Texto do Livro: JALIZA - A Sacerdotisa de Amon-Rá

Jaliza chegou ao Egito, por ocasião da Festa do Nilo, quando o rio sagrado coalhava-se de pequenas e grandes embarcações engalanadas com flores e fitas coloridas e as ruas apinhavam-se de gente esperando o cortejo real que breve deveria passar para dar início às festividades.

Os acólitos do Faraó já distribuíam trigo, pão e vinho ao povo, como era comum àquela época durante as festas do Nilo.

Uma pequena caravana de ciganos acabara de chegar a Tebas e com seus apetrechos coloridos misturavam-se com a gente alegre que enchia as ruas naquela manhã.

Seus rostos, embora trigueiros, diferiam bastante do tipo egípcio, principalmente na cor dos olhos e na cabeleira ora acastanhada, ora negra, e algumas vezes alourados.

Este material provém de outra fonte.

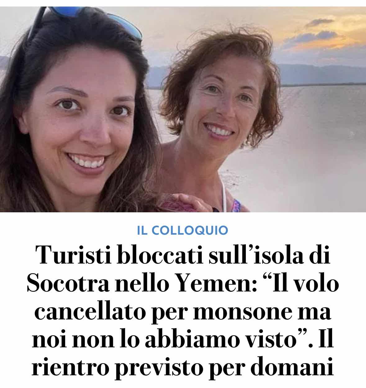 Basterebbe guardarle in faccia per comprendere la stratosferica idiozia che le ha spinte, assieme ad altri, ad organizzare una vacanza in Yemen, da un decennio dilaniato da una guerra violentissima e con carestia e povertà ai massimi livelli.

O interessante grupo cigano misturou-se à multidão para ver passar o Faraó e sua corte, quando os batedores reais já abriam caminho para o cortejo.

Numa rica liteira de ébano, ornada de ouro e plumas, sustentada por doze robustos escravos núbios, vinha comodamente sentado num trono dourado, o Faraó, cercado de portas-abano e acompanhado por sua real esposa e filho, e por diversos dignitários que vinham cada qual em sua liteira particular, acompanhados de suas famílias.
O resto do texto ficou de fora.